- [Requirement]: For this exercise, output the entries below exactly from the line that holds "展示予定の天然ヒト型セラミドを使った化粧品サンプル" to the line that holds "Рис. 11. Ілюстрація Г.Осадко", both ends included. No pictures belong in the copy.

- [Data for this task]:

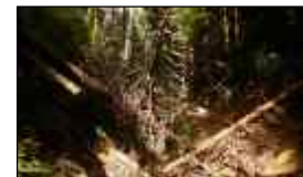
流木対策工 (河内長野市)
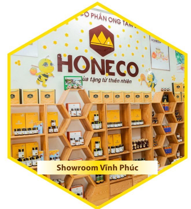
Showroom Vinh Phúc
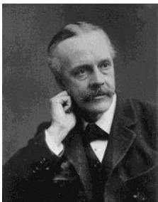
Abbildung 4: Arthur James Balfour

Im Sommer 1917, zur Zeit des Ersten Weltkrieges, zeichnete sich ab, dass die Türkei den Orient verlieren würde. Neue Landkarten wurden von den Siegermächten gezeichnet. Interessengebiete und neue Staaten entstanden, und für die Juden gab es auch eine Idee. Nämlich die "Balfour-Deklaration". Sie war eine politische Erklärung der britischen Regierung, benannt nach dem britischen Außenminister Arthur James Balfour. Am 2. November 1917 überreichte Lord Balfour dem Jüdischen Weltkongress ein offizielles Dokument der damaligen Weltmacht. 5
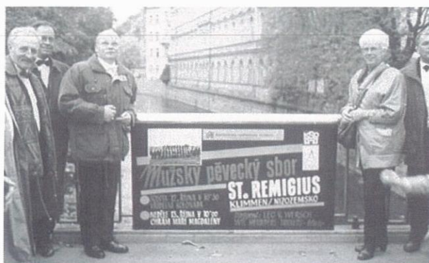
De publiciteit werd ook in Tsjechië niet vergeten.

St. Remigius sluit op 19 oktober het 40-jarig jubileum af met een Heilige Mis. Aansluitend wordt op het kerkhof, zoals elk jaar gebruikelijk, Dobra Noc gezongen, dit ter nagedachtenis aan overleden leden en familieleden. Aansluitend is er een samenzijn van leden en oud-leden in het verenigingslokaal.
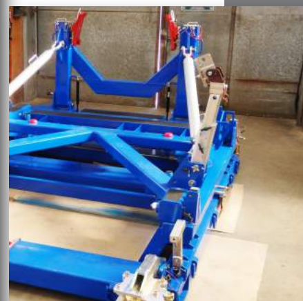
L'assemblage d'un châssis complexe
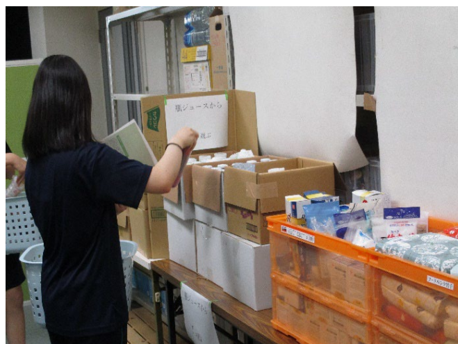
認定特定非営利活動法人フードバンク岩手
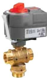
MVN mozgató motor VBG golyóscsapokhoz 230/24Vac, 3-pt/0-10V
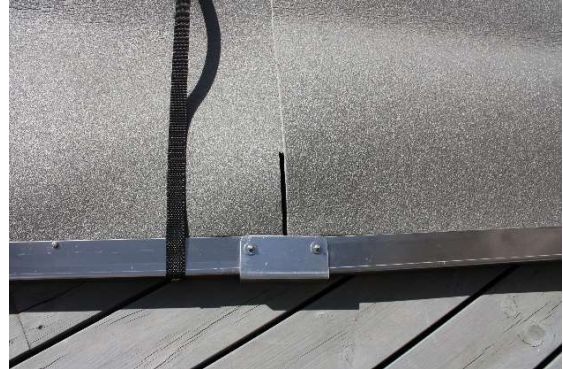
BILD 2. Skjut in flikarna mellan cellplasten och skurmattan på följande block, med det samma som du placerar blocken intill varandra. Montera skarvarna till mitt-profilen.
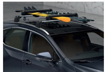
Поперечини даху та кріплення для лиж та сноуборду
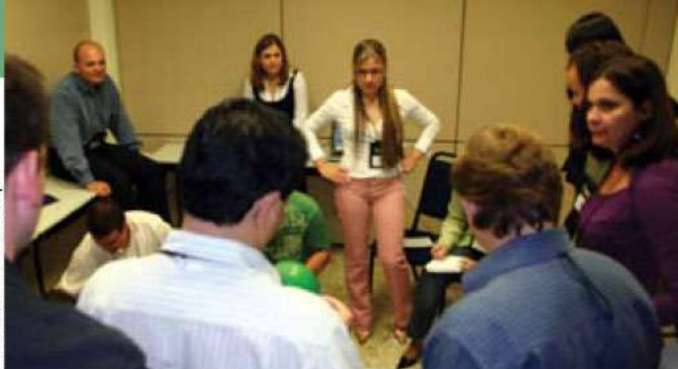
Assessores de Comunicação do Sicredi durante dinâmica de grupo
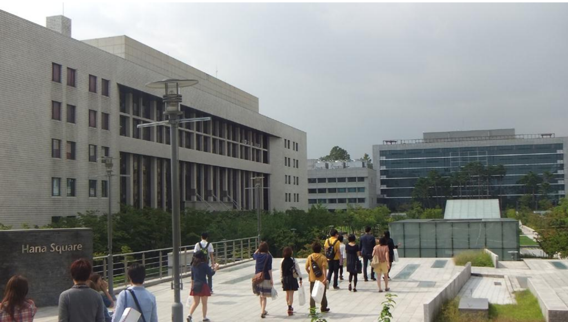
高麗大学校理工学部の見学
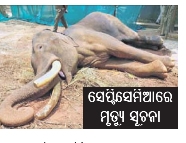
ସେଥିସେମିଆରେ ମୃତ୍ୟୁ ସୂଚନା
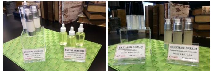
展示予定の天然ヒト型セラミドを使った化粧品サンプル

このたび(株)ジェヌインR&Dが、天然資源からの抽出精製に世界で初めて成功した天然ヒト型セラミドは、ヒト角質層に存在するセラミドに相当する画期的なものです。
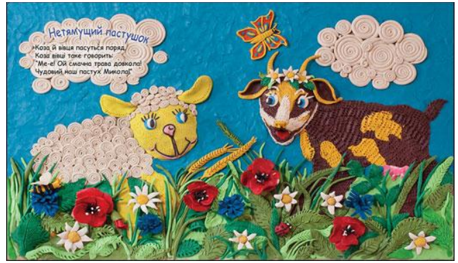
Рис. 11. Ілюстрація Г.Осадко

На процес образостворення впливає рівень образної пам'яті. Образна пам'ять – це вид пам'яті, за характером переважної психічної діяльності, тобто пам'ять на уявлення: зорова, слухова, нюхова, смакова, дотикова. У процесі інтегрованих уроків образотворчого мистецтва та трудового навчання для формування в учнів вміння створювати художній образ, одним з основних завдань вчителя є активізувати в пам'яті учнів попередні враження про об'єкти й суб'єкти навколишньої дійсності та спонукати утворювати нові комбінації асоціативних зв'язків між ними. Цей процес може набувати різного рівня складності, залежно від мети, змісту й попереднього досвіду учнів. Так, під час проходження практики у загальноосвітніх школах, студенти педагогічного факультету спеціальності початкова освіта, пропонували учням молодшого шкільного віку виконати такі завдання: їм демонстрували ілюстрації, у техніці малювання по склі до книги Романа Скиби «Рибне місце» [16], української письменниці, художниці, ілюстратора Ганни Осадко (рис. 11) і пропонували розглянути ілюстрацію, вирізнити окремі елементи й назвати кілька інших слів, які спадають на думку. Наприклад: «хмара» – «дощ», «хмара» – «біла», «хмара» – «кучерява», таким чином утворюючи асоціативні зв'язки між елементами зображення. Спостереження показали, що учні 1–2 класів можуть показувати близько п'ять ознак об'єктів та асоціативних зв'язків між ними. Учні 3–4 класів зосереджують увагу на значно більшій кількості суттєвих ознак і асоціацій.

- [Solution to the exercise]:
展示予定の天然ヒト型セラミドを使った化粧品サンプル

このたび(株)ジェヌインR&Dが、天然資源からの抽出精製に世界で初めて成功した天然ヒト型セラミドは、ヒト角質層に存在するセラミドに相当する画期的なものです。
Рис. 11. Ілюстрація Г.Осадко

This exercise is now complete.